(Brief) Reproduce, character for character, the lines below from the first through the one with "Actualités Sports Deuxième". Leave pictures out.

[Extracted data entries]

--- START ---

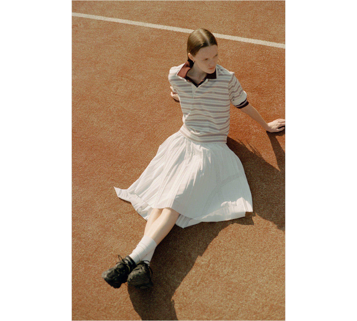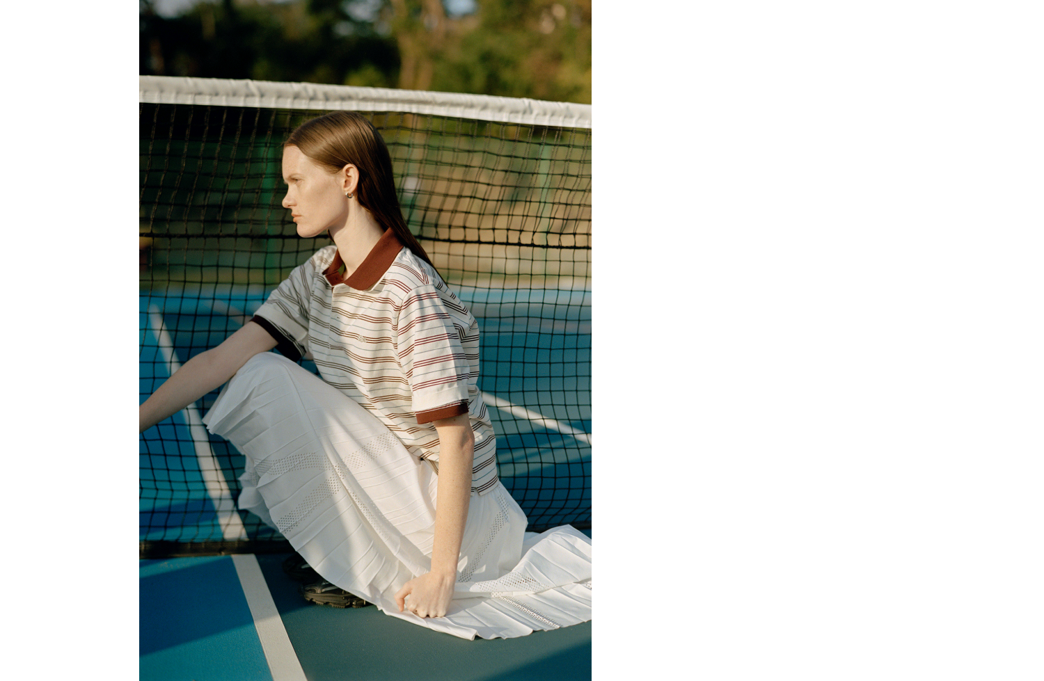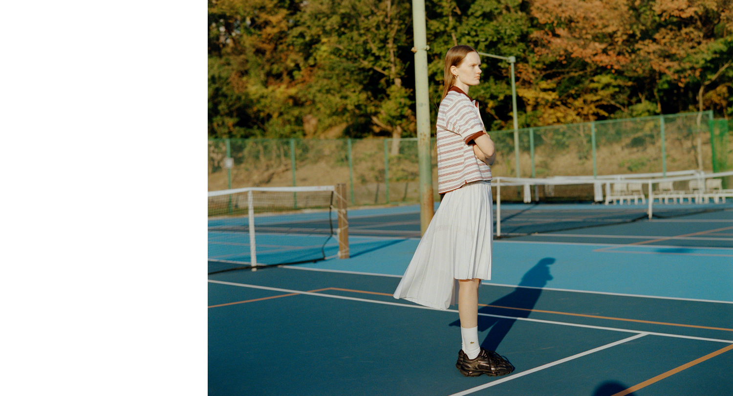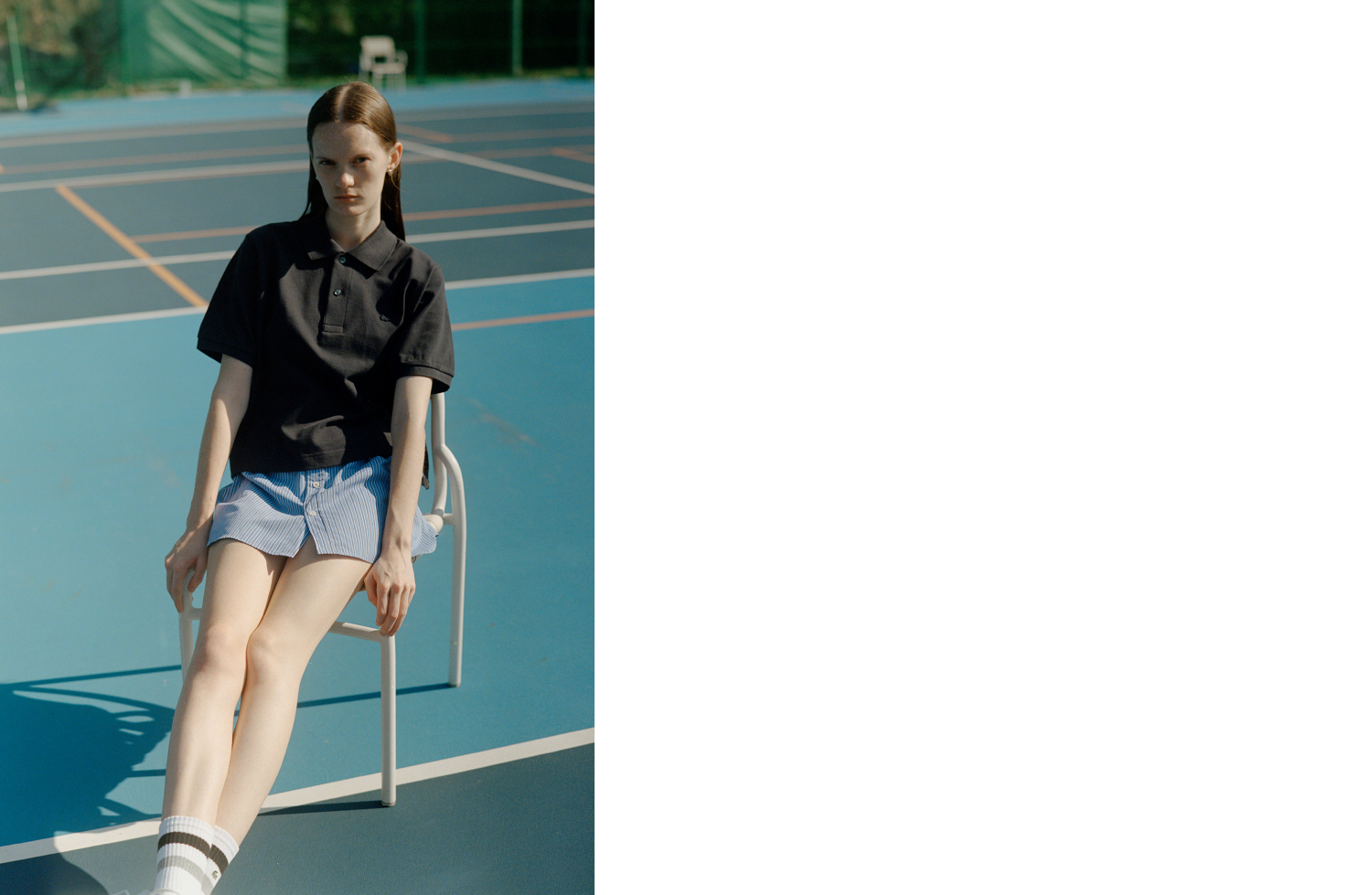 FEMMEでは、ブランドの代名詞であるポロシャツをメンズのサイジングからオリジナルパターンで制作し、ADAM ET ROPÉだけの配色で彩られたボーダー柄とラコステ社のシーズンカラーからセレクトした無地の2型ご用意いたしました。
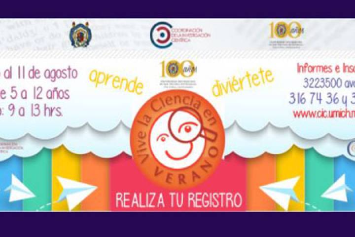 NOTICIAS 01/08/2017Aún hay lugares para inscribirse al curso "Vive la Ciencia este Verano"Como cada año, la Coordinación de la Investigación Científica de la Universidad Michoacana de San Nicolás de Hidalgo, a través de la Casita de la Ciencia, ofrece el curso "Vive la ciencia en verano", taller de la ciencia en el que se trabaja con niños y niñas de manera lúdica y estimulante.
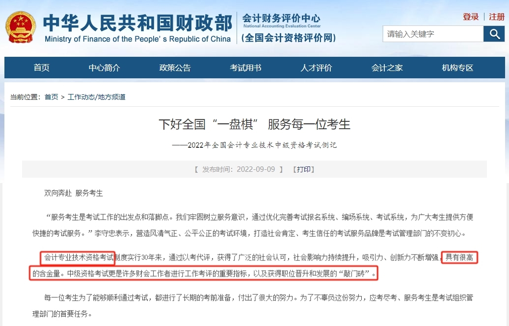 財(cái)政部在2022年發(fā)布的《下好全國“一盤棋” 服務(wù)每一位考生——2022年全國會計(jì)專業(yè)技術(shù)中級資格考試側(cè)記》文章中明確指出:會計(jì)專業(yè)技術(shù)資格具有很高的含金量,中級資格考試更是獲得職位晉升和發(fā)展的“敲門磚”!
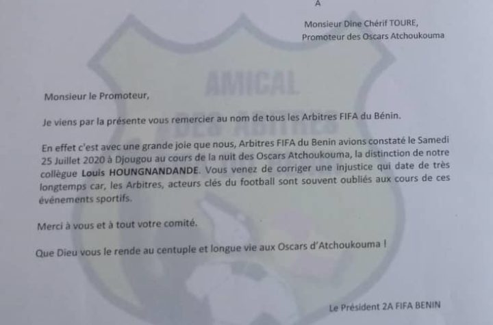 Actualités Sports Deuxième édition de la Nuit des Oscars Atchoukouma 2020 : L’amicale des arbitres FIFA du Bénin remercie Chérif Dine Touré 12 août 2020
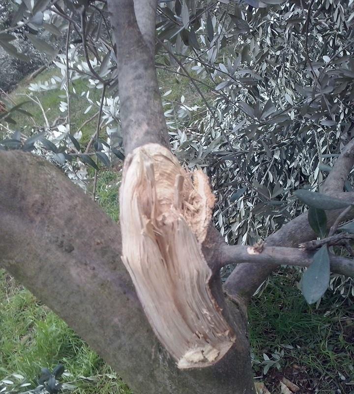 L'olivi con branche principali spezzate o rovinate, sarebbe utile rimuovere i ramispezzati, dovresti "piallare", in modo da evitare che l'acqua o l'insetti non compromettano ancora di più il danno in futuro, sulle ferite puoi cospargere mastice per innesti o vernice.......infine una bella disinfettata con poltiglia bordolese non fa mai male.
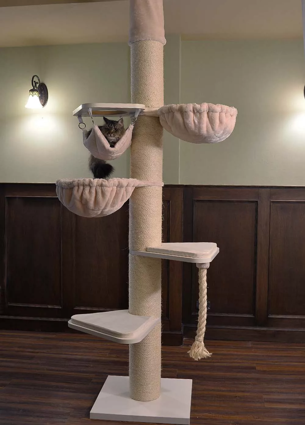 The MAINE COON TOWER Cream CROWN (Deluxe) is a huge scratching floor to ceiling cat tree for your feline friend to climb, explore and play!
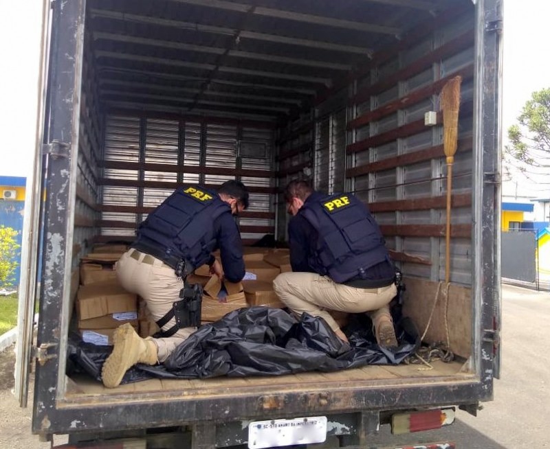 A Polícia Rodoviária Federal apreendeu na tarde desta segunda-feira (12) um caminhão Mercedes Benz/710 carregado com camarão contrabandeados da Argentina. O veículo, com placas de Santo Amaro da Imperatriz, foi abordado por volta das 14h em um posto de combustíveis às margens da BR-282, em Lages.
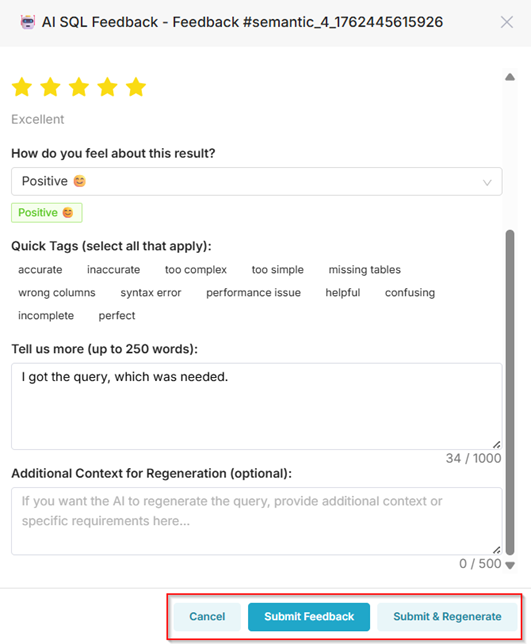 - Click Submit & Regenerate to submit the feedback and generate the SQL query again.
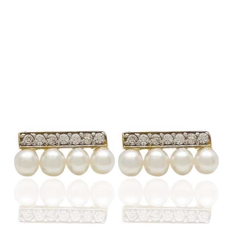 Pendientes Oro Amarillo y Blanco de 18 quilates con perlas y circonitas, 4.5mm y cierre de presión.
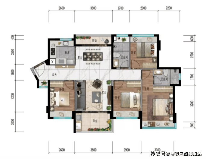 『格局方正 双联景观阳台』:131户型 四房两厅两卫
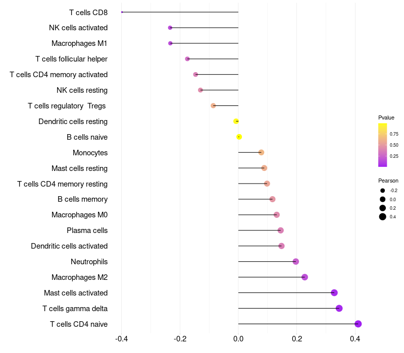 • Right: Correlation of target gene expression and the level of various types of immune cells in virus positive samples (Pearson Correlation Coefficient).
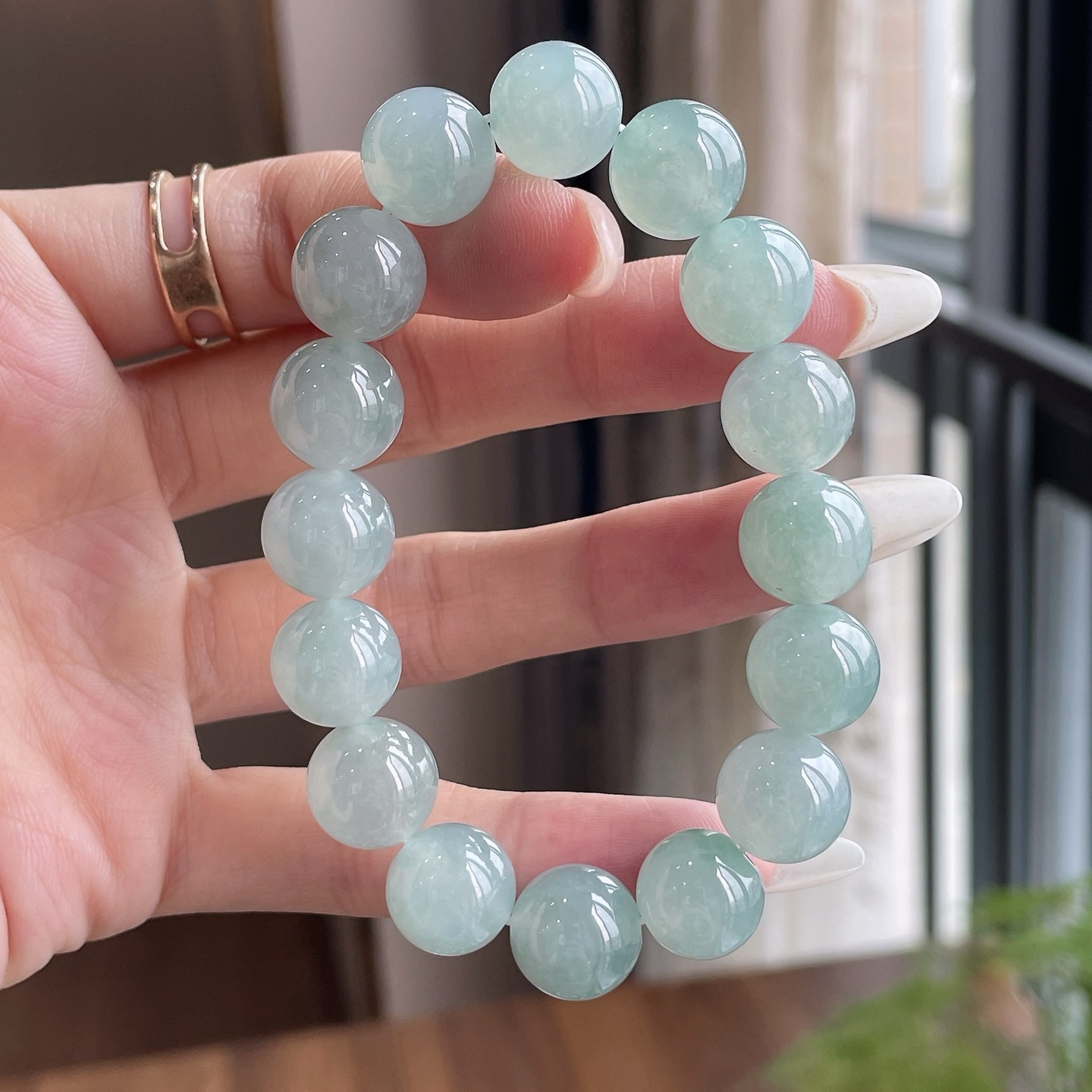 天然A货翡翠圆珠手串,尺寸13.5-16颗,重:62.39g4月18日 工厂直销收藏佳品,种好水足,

--- END ---

(Answer)
 FEMMEでは、ブランドの代名詞であるポロシャツをメンズのサイジングからオリジナルパターンで制作し、ADAM ET ROPÉだけの配色で彩られたボーダー柄とラコステ社のシーズンカラーからセレクトした無地の2型ご用意いたしました。
 NOTICIAS 01/08/2017Aún hay lugares para inscribirse al curso "Vive la Ciencia este Verano"Como cada año, la Coordinación de la Investigación Científica de la Universidad Michoacana de San Nicolás de Hidalgo, a través de la Casita de la Ciencia, ofrece el curso "Vive la ciencia en verano", taller de la ciencia en el que se trabaja con niños y niñas de manera lúdica y estimulante.
 財(cái)政部在2022年發(fā)布的《下好全國“一盤棋” 服務(wù)每一位考生——2022年全國會計(jì)專業(yè)技術(shù)中級資格考試側(cè)記》文章中明確指出:會計(jì)專業(yè)技術(shù)資格具有很高的含金量,中級資格考試更是獲得職位晉升和發(fā)展的“敲門磚”!
 Actualités Sports Deuxième édition de la Nuit des Oscars Atchoukouma 2020 : L’amicale des arbitres FIFA du Bénin remercie Chérif Dine Touré 12 août 2020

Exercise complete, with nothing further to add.